J.D. Power’s 2023 U.S. Aftermarket Service Index (ASI) Study finds that some independent repair facilities need to step up their game to keep customers coming back.
According to the ASI study, overall satisfaction declined year-over-year in the three segments that comprise the study (based on a 1,000-point scale):
- Quick oil change (down 18 points)
- Full-service maintenance and repair (down 7 points)
- Tire replacement (down 6 points)
Customer satisfaction is lower for the performance of the service advisor, specifically noting increased wait times, and fewer advisors providing helpful advice. There also is lower satisfaction with service advisor courtesy.
A detailed look at the drivers of satisfaction in each segment reveals that satisfaction with quick oil change declined in all seven measures, with the largest decline in service facility (down 22 points); satisfaction with full-service maintenance and repair declining in six of seven measures, with satisfaction only improving in ease of scheduling (up 3 points); and tire and replacement declining in six of seven measures, with satisfaction improving only with time to complete service (up 1 point).
“Independent service providers must remain focused on retaining their customer base,” said Leonard Martin, director of automotive retail at J.D. Power. “Aftermarket service facilities can increase customer loyalty and revenue by taking advantage of what they do best – being easier to do business with. Convenience, speed and price are very attractive to today’s vehicle owners who are looking for excellent service, and aftermarket service providers can leverage those factors to stem the tide of owners going to dealerships.”

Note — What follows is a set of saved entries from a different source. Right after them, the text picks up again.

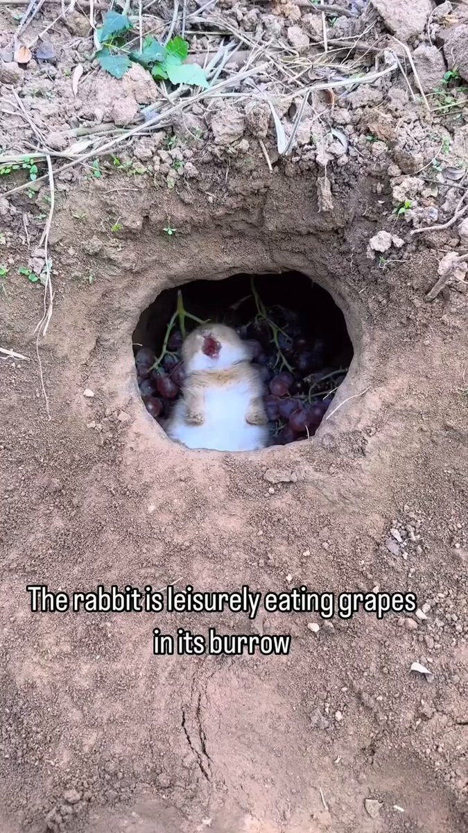 This little rabbit is out here hanging in his warm fuzzy burrow, lying on his back. Surrounded by grapes, and munching away like he owns the place. The definition of pure nd genuine happiness…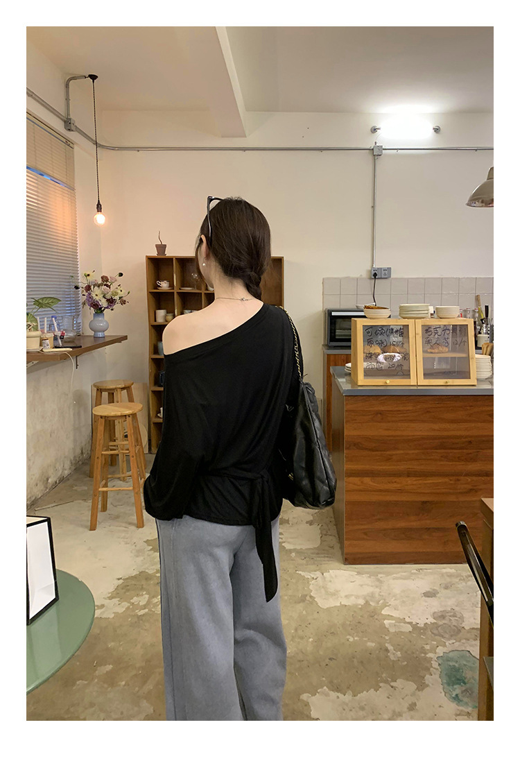 솔리드 컬러 스트랩 허리 긴 소매 태양 보호 블라우스 티셔츠 여성의 2025 가을 새로운 올 매치 슬란 트 어깨 슬림 탑스토어 가기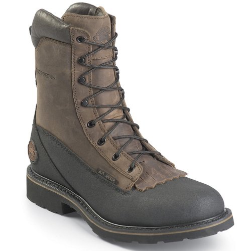 Justin 8" Work - Tex Lace - R Boots. 8" inches of solid workplace protection! SAVE BIG! Lace up a pair of these Stompers for serious 9-to-5 jobsite defense. Engineered by the professionals at Justin, these Boots got the "true grit" you want to get you safely from sun-up to sun-down. Classic stylish design looks good at the saloon, too! If you're looking for a worker that's heavy on features, but light on your wallet, your search is over, My Friend. Also available with optional steel toe and ASTM-rated electrical hazard protection for serious over-the-top workplace defense. Determination: Chocolate apache leather uppers and Black Tec Tuff vamps form a puncture-proof barrier around your feet; Round-toe welt construction for long-lasting durability; Waterproof, slip-resistant, and oil-resistant Work Tex rubber outsole for elite protection and grip; 35 ozs...Read more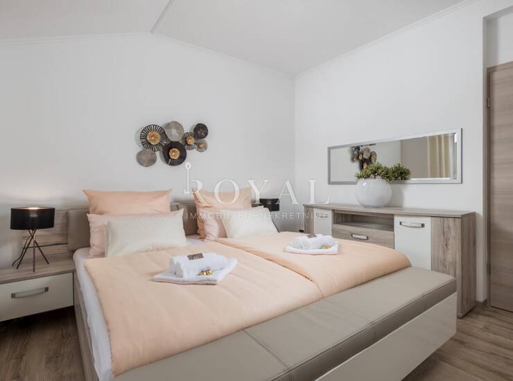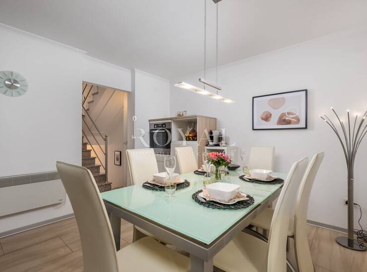 Kuća je potpuno opremljena i moderno namještena, s lijepim rasporedom i dvoetažnim stanom uređenim s mnogo ukusa. Na raspolaganju je natkrivena terasa s roštiljem, idealna za opuštanje nakon radnog dana. Sve u kući je novo i kvalitetno održavano.

The study, now in its fourth year, measures customer satisfaction with aftermarket service facilities, providing a numerical index ranking of the highest-performing facilities in the U.S. aftermarket. Performance in three segments – full-service maintenance and repair; quick oil change; and tire replacement – is based on the combined scores for seven measures that comprise the vehicle owner service experience. These measures are (in alphabetical order): ease of scheduling/getting vehicle in for service; fairness of charges; service advisor courtesy; service advisor performance; service facility; time to complete service; and quality of work.
Following are key findings of the 2023 study:
- Aftermarket service providers’ customer advocacy keeps up with dealers: The Net Promoter Score (NPS) of independent service providers are competitive with those of franchised dealerships when comparing service visits for model-year 2020-2023 vehicles included in the 2023 ASI and the J.D. Power 2023 U.S. Customer Service Index (CSI) Study.SM Independent service providers have an NPS score of 54 for full-service maintenance and repair, while dealerships have a score of 51. The NPS scores for tire replacement are 57 among dealerships and 56 among independent tire stores. NPS scores for oil changes are 54 for dealerships and 47 for quick oil change providers.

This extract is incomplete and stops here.